# Small Cross Cut Sled - Versatile and Precise with 5-cut method



## StevenWoodward (Aug 14, 2020)

I made a standard size crosscut sled, then found that I was often cutting smaller pieces that would be better suited to a smaller lighter sled. 

Some features implemented on the small sled:

Fence was aligned using five cut method, with a sacrificial fence.
Bessey clamp to hold small pieces that would be unsafe to hold by hand. 
Clamp slides in a T-track that is secured to base with epoxy
Fence is designed so that accessories can be swapped between the sleds


----------



## Tool Agnostic (Aug 13, 2017)

Nice video!

I won a Rockler small parts sled a few years ago at a woodworking club Christmas party.
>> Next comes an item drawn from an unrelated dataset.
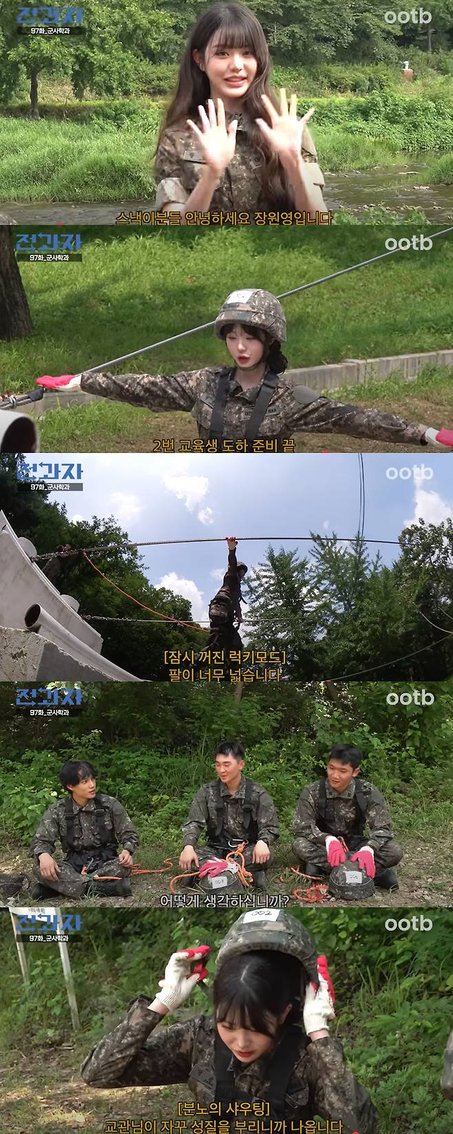 27일 유튜브 채널 'ootb 스튜디오'를 통해 '전과자' 시즌6 방학 특별편이 공개됐다. 공개된 영상에는 장원영이 게스트로 깜짝 등장, 엑소 카이와 함께 군사학과 병영 체험을 하는 모습이 담겼다.

I use it often and like it very much. It is light, fast, and easy to use. In my opinion, most woodworkers would get a lot of benefit from a small parts sled.

The only problem I have with sleds in general is storage. There is no easy way to store them. They don't compress, fold, stack, or fit well in cabinets. I noticed the handles on yours and see hanging holes on others, but then they take up a lot of wall space. Some people hang them from the ends of the their table saws, but that doesn't work for me.


----------



## kwoodhands (May 1, 2020)

Square the fence to the miter slots a different way. Based on the principal of squaring a miter gauge to the slots. I simply loosen the head a bit, turn it upside down and slide the bar thru the slot .When the head is tight against the table edge the locking clamp is tightened. Now the miter gauge is a perfect 90° to the slot.
With a crosscut sled The principal is the same. I start by rabbiting the fence about 1/8" deep leaving 1/4" x 1/8" lip.
The sled is placed on the table after the runners are attached. The fence is placed on the sled with the rabbited lip against the table edge. Then the fence rabbit is glued and placed back on the sled. I use hot hide glue so clamping is not necessary. I hold the fence in place for about 5 minutes. 
When the glue is completely set, I wait at least 30 minutes, then turn the sled upside down and add a few screws. The lip is now removed. I just plane the lip as it is only 1/8" x 1/4". 
Now the fence will be square to the miter slots.
mike


----------